Consider this hypothetical: UCLA terminates Kelly's contract by reason of force majeure. Kelly sues. Losing party appeals. Court of Appeal sides with UCLA. There is now legal precedent many, if not most, if not the vast majority of employment contracts in this state (not just football coaches) are terminated. It's important to note that force majeure is not just a legal theory that may or may not be in an employment contract. It's codified in the civil code. But performance under the contract has to be impossible or impracticable. Is that the current situation for college football coaches. No.

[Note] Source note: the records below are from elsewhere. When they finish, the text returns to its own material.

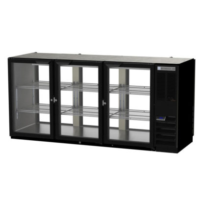 Refrigerated Back Bar Pass-Thru Storage Cabinet, three section, 72″ W, 34″ H, 22.1 cu. ft., (6) glass doors, (6) epoxy coated steel shelves, (3) 1/2 barrel kegs, LED interior lighting with manual on/off switch, galvanized top & interior, black exterior finish, right-mounted self-contained refrigeration, R290 Hydrocarbon refrigerant, 1/3 HP, UL, cULus, UL EPH CLASSIFIED, UL-Sanitation, NSF, MADE IN USA, 115v/60/1ph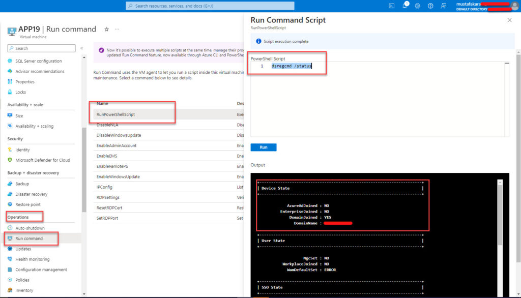 Azure Portal üzerinden bir sanal makinenin bir domain‘e katılıp katılmadığını öğrenmek mümkündür. Ancak bu bilgi doğrudan sanal makinenin genel özellikleri arasında gösterilmeyebilir. Ancak Azure Portal üzerinden en kolay yöntem bence Sanal makinenin üzerine geldiğinizde Operations bölümünde yer alan Run command kullanmaktır. Seçmiş olduğunuz sanal makinede RunPowerShellScript‘e tıklayıp dsregcmd /status komutunu çalıştırmanız yeterli.
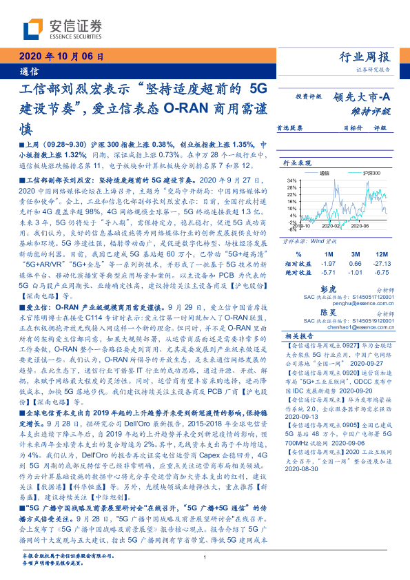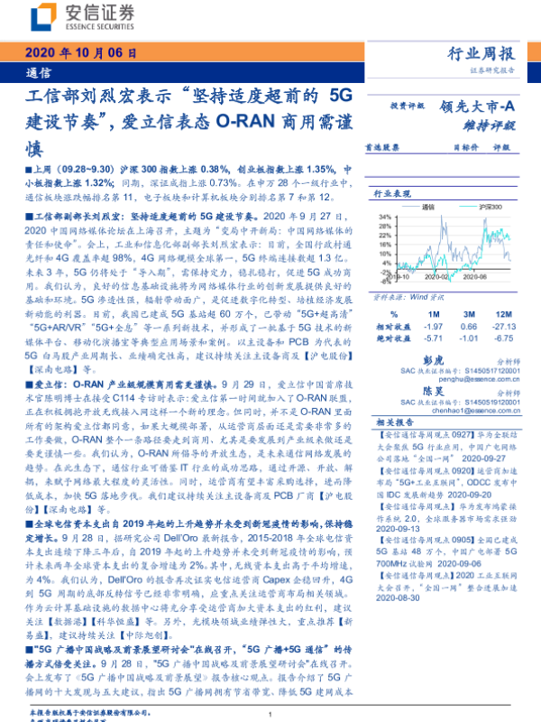 【安信证券】【20201006】20201006-安信证券-通信行业周报:工信部刘烈宏表示“坚持适度超前的5G建设节奏”,爱立信表态O-RAN商用需谨慎-16页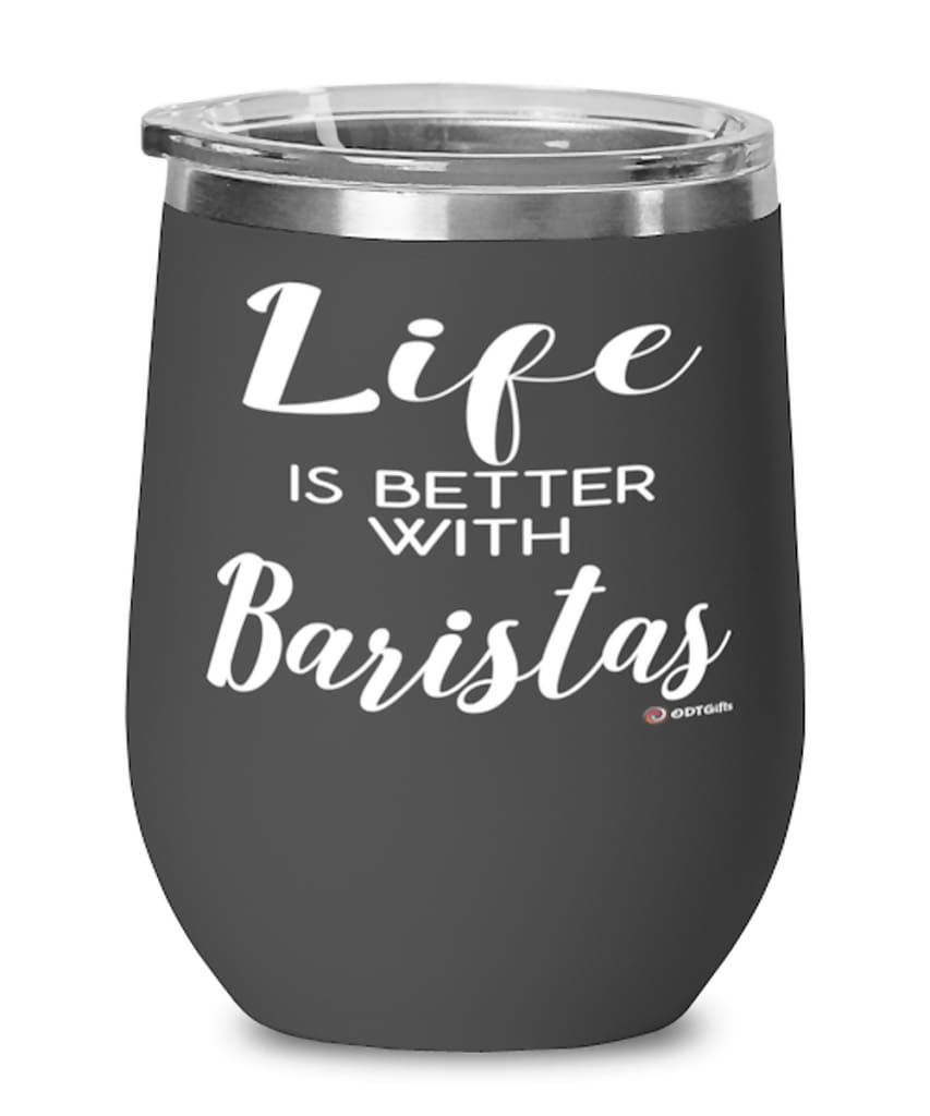 Funny Barista Wine Glass Life Is Better With Baristas 12oz Stainless Steel Black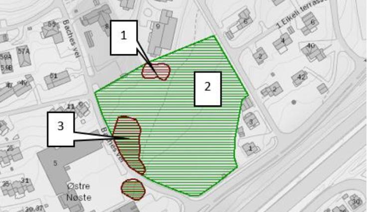 Naturtypeforekomstene nummerert 1 og 3 må bevares, parklandskapet (markert 2) bør ivaretas best mulig
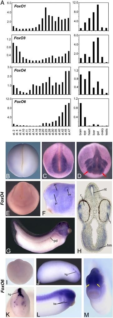 Fig. 2. Expression of FoxO genes. (A) Temporal expression patterns of FoxO1, FoxO3, FoxO4 and FoxO6 genes during Xenopus embryogenesis and relative expression in adult tissues. Amount of transcripts was analyzed by semi-quantitative RT-PCR using RNA isolated from embryos at indicated developmental stages (Nieuwkoop and Faber, 1967) or from adult tissues. Expression levels are shown in relative units. Histone H4 was used as internal control. (B-M) Spatial patterns analyzed by whole mount in situ hybridization of FoxO4 (B-H) and FoxO6 (I-M). (B) 2-cell stage, lateral view. (C) Stage 17, anterior view. (D) Stage 21, anterior view. (E) Stage 23 embryo hybridized with a FoxO4 sense probe, anterior view. (F) Magnification of the head of an embryo, stage 29. (G) Stage 35/36, lateral view. (H) Transversal section of the head, stage 38. (I) Stage 22, anterior view. (J) Stage 27, lateral view. (K) Magnification of the head at stage 28, anterior view. (L) Stage 32, lateral view. (M) Stage 30, anterior view. Red arrows indicate the eye field, yellow arrows indicate the olfactory pits. ba, branchial arches; hg, hatching gland; hm, head mesenchyme; l, lens; nt, neural tube; ov, otic vesicle; pd, pronephric duct; pl, presumptive lens; pr, presumptive retina; r, retina. |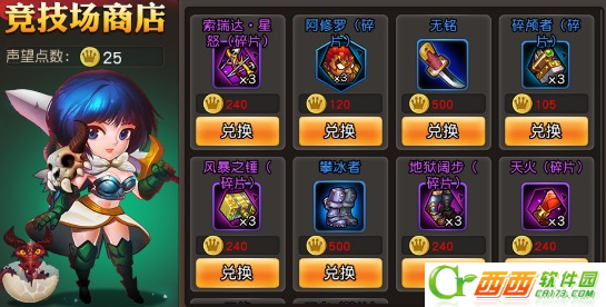 点击竞技场界面兑换按钮可以使用声望兑换英雄、装备、道具等极品奖励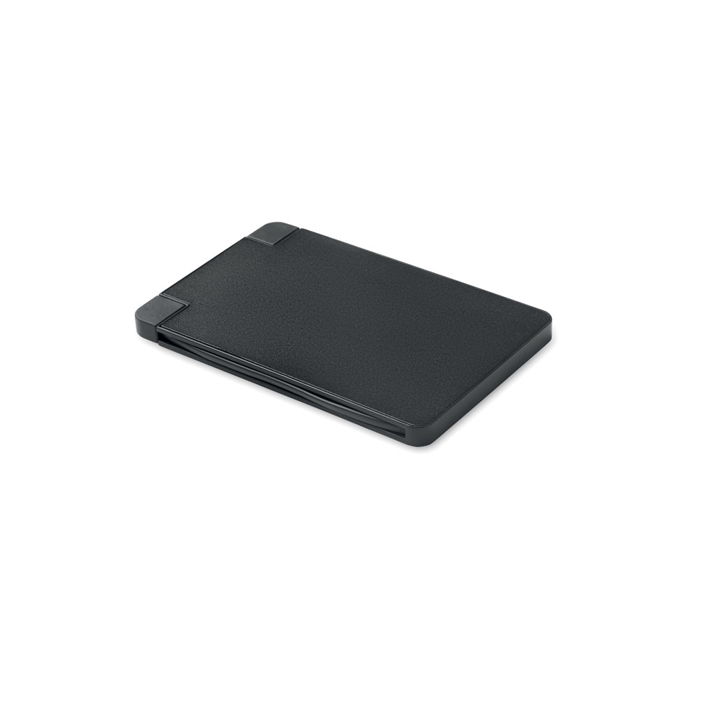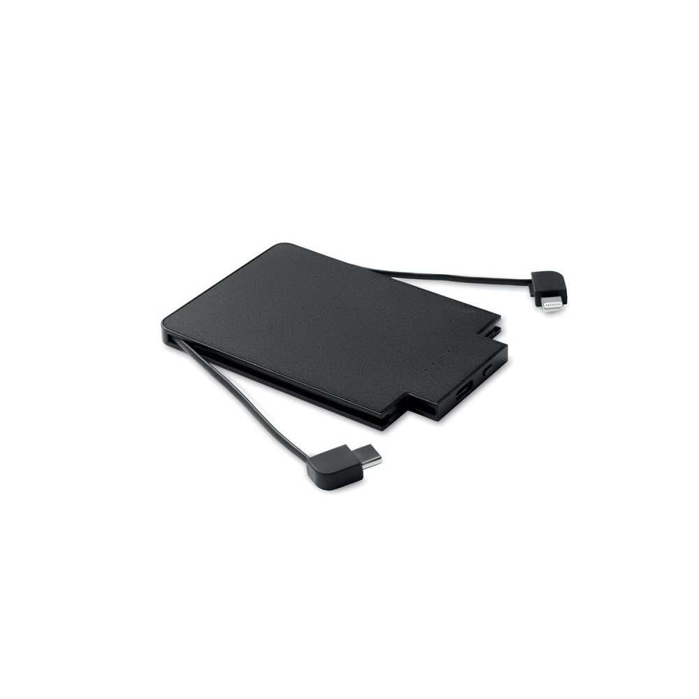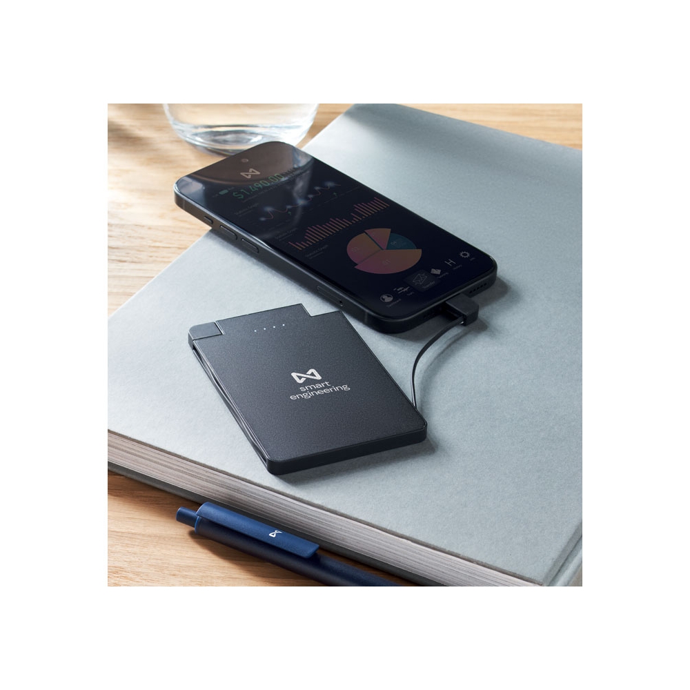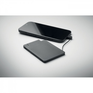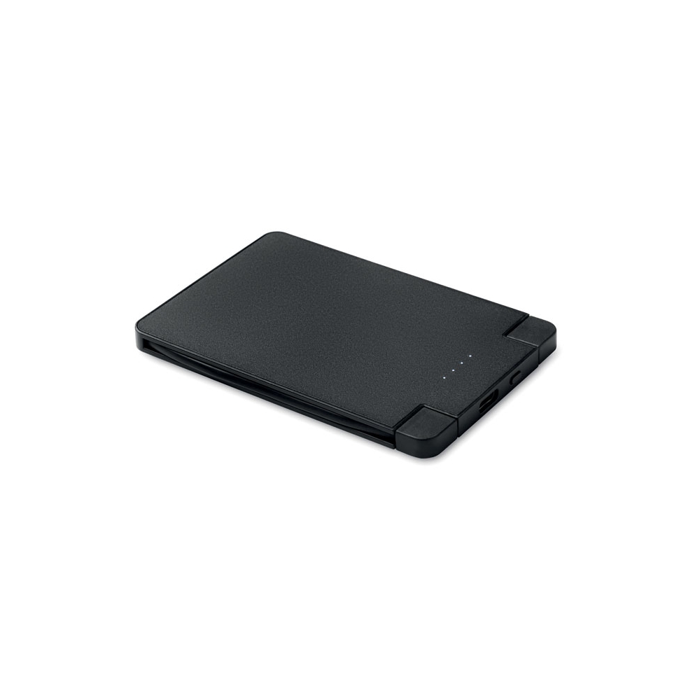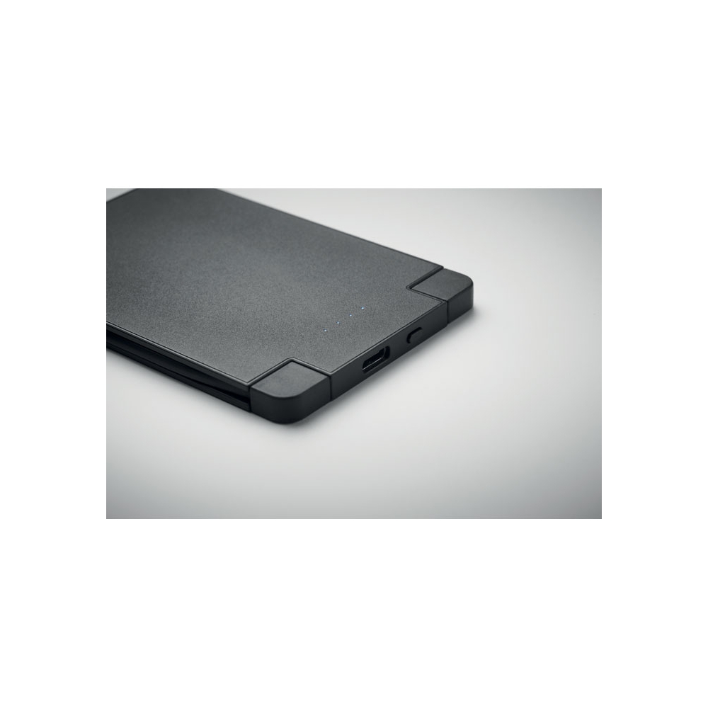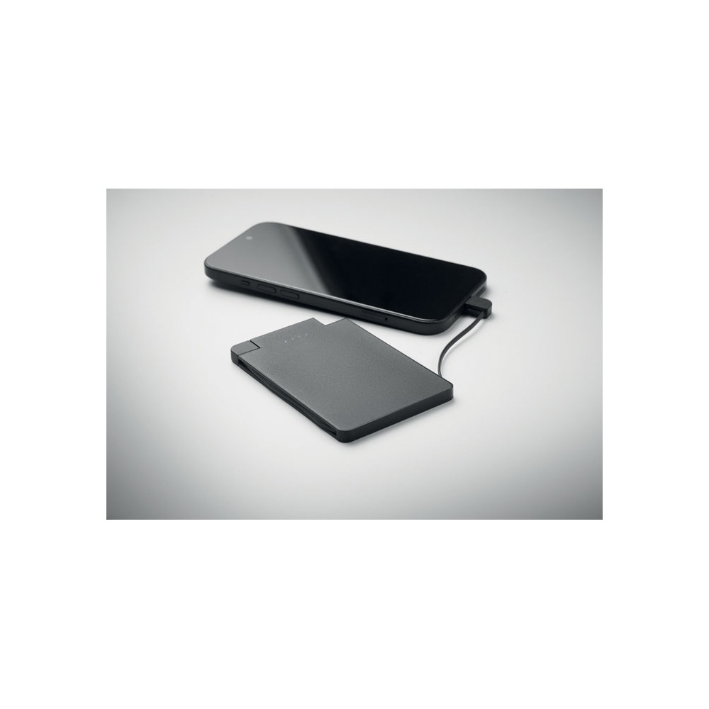 Artikel-Nr: OCBMO2510-03Magnetische, kreditkartengroße Powerbank 2500 mAh aus ABS mit integrierten Kabeln. Die Powerbank haftet an magnetischen iOs-Smartphones. Eingang: Typ-C und Ausgang Typ-C, kompatibel mit IOS-Geräten.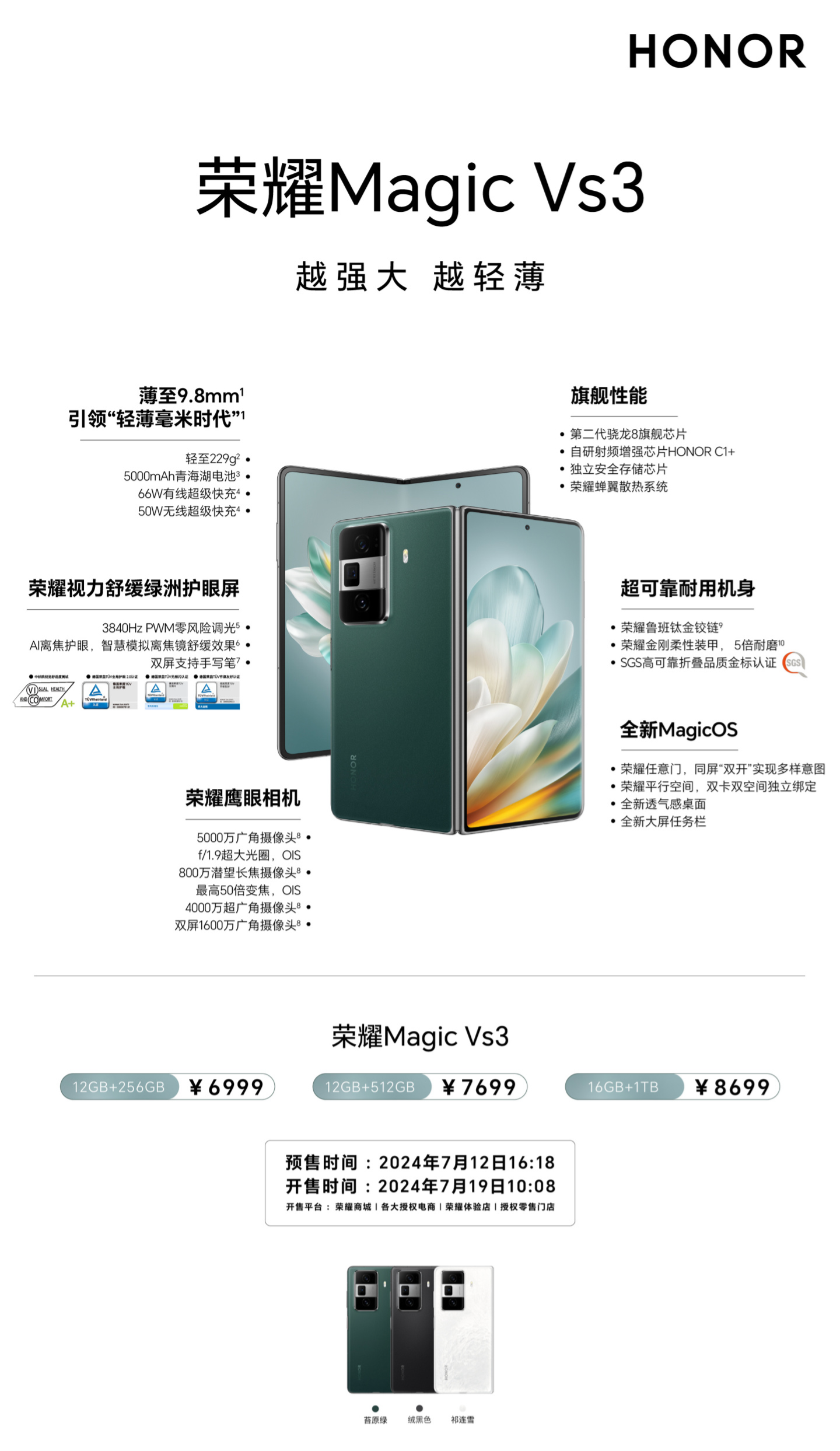 IT之家 7 月 19 日消息,荣耀 Magic Vs3 折叠屏手机将于今日 10:08 开售,首发价格为 6999 元起。

It would really take me pages and pages and pages and pages to fully explain why force majeure does not come close to applying here, but the above sums it up pretty nicely. If anyone is actually interested in the full legal reason, it's all over google. Virtually every business lawyer in the state has had to brief themselves on this issue the last few weeks so there are a lot of articles on it.

More importantly: what a pathetic move this would be for the new AD. What a cowardly signal it would send. If he thinks the football coach should be terminated, he should TERMINATE THE FOOTBALL COACH. Not dance around the issue. Call a press conference. Fire him. And say he is being fired because he failed.